I am self-studying topology and came across question 17R of Willard's General Topology.
17R. Compact subsets of $\mathbb{R}$
There are uncountably many nonhomeomorphic compact subsets of $\mathbb{R}$. [Use ordinals.]
The discussions I found which are similar (e.g. Uncountably many non-homeomorphic compact subsets of the circle) use what seems to be more advanced stuff ("Cantor-Bendixson rank", for example).
I guess the hint suggest us to look at $\Omega=[0,\omega_1]$, where $\omega_1$ is the first uncountable ordinal. I can do the following:
- Every countable ordinal embeds into $\mathbb{R}$. This is more-or-less straightforward induction.
So the problem boils down in proving that there are uncountably many non-homeomorphic countable ordinals. It is also clear that if $\alpha$ is an infinite ordinal and $\beta$ is the largest limit ordinal $\leq\alpha$, then the compacts $[0,\alpha]$ and $[0,\beta]$ are homeomorphic.
I can also prove that there are uncountably many countable limit ordinals, but some of these are homeomorphic to each other (e.g. $\omega^2+\omega$ and $\omega^2$).
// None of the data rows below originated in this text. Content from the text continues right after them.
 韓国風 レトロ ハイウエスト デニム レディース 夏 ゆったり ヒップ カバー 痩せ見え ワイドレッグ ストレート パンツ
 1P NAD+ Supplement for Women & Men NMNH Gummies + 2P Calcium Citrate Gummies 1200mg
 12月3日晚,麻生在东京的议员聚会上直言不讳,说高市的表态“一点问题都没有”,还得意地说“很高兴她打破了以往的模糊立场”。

I would appreciate help, using not much more than basic facts about $\omega_1$ (as it is introduced in Willard's book).
Best Answer
Here is a proof that does not use ordinals at all. The crucial ingredient is the following lemma.
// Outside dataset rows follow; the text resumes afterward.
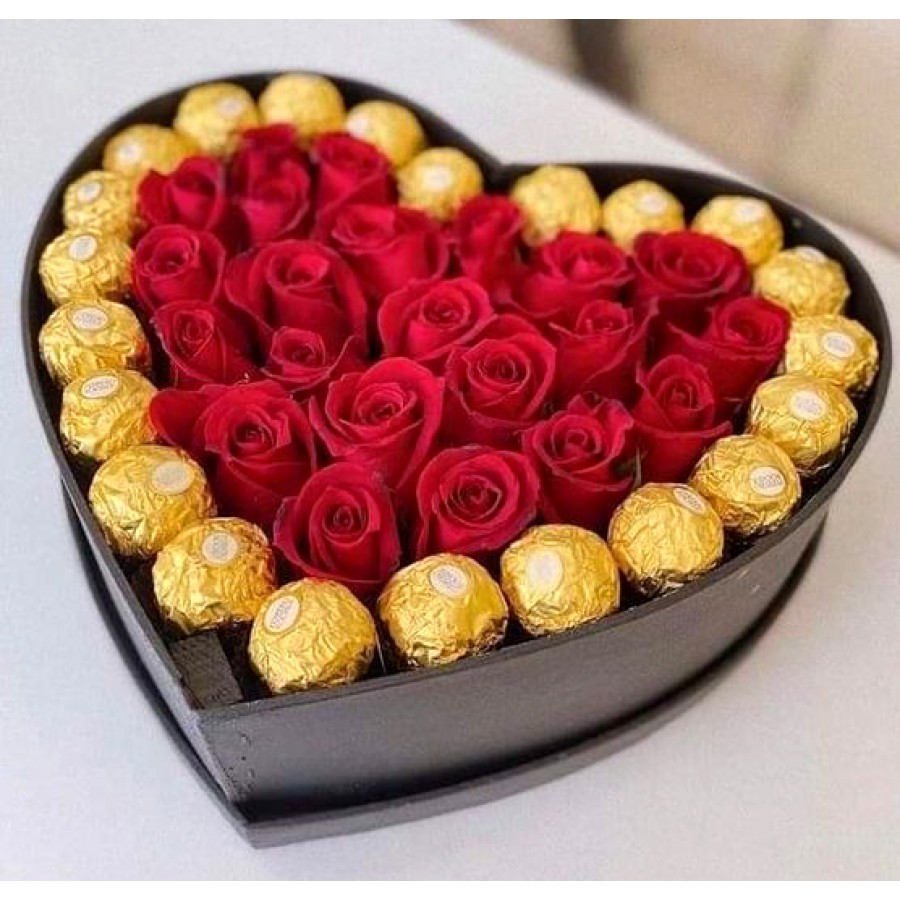 The "Heart of Roses and Ferrero Rocher" box is the perfect expression of love and elegance. A stunning arrangement of fresh roses forms a heart, paired with delightful Ferrero Rocher chocolates nestled within. This thoughtful combination of beauty and indulgence makes it an unforgettable gift, ideal for surprising loved ones on special occasions with a message of romance and sweetness.
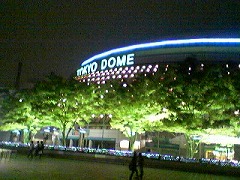 帰りは別の用事があったのでJR水道橋駅まで歩く。雨が降り出し、夜のイルミネーションが濡れた路面に反射してまばゆい。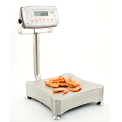 Stainless Steel Platform 300x300mm/12x12" and Tubular Frame, IP67 aluminum load cell (L6E3-A3-150kg-3B), max capacity 100kg/250lb. 36-38 mm stainless steel pole included. NTEP Approved.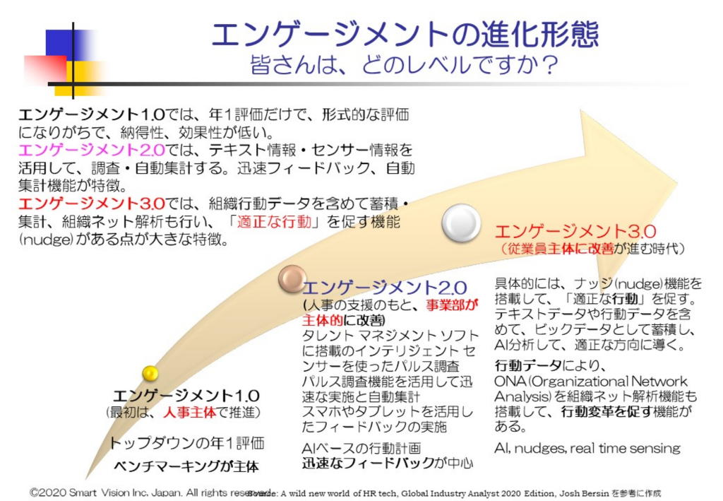多くの先進IT企業では、職場でのエンゲージメント状況や満足度を把握するために、毎月、パルス調査を行う仕組みづくりをするエンゲージメント2.0にして、更に進んだエンゲージメント3.0に進展することになります。

Lemma: Let $X$ be a nonempty compact Hausdorff space and suppose there exist two embeddings $f_0,f_1:X\to X$ with disjoint images. Then $X$ is uncountable.
Proof: The idea is that by iterating $f_0$ and $f_1$, you get a fractal of copies of $X$ similar to the Cantor set, which then must accumulate at uncountably different points. To make this precise, for any finite sequence $s$ of $0$s and $1$s, let $f_s$ be the corresponding composition of $f_0$s and $f_1$s. For any infinite sequence $r$ of $0$s and $1$s, let $X_r=\bigcap_s f_s(X)$ where $s$ ranges over all finite initial segments of $r$. Note that each $f_s(X)$ is a nonempty closed set, and they are nested, so by compactness, each $X_r$ is nonempty. But if $r\neq r'$, then $X_r$ and $X_{r'}$ are disjoint, since if you let $s$ and $s'$ be the first corresponding initial segments that differ, then $f_s(X)$ and $f_{s'}(X)$ are disjoint since $f_0$ and $f_1$ have disjoint images. Since there are uncountably many choices of $r$, this means $X$ be uncountable.
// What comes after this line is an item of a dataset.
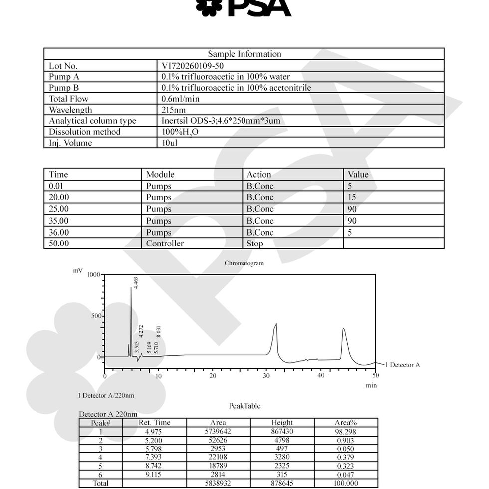 GHK-Cu (Copper Peptide) is a naturally occurring tripeptide found in human plasma, saliva, and urine. This powerful peptide plays a significant role in tissue repair, skin regeneration, and anti-aging processes. It binds with copper ions to enhance wound healing, stimulate collagen production, and repair damaged skin cells. GHK-Cu is also known for its anti-inflammatory properties and ability to reduce oxidative stress, making it a versatile peptide used in skincare, hair care, and general health maintenance.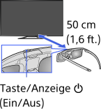 Wenn Sie die 3D-Aktivbrille zum ersten Mal verwenden, halten Sie sie maximal 50 cm vom Fernsehgerät entfernt, schalten das Fernsehgerät ein und halten die Taste/Anzeige

Theorem: There are uncountably many homeomorphism classes of countable compact subsets of $\mathbb{R}$.
Proof: Let $\{X_n:n\in\mathbb{N}\}$ be any countable collection of countable compact subsets of $\mathbb{R}$. Embed a copy of $X_n$ in the interval $(\frac{1}{n+1},\frac{1}{n})$ for each $n$, and let $Y\subset\mathbb{R}$ be the union of all these copies together with $0$. Finally, let $Z\subset\mathbb{R}$ be the union of two disjoint translated copies of $Y$. Then $Z$ is a countable compact subset of $\mathbb{R}$. However, each $X_n$ has two disjoint copies that embed in $Z$ (one in each copy of $Y$), so by the Lemma, $Z$ cannot be homeomorphic to $X_n$ for any $n$. Thus $\{X_n:n\in\mathbb{N}\}$ is not a complete list of all the countable compact subsets of $\mathbb{R}$ up to homeomorphism.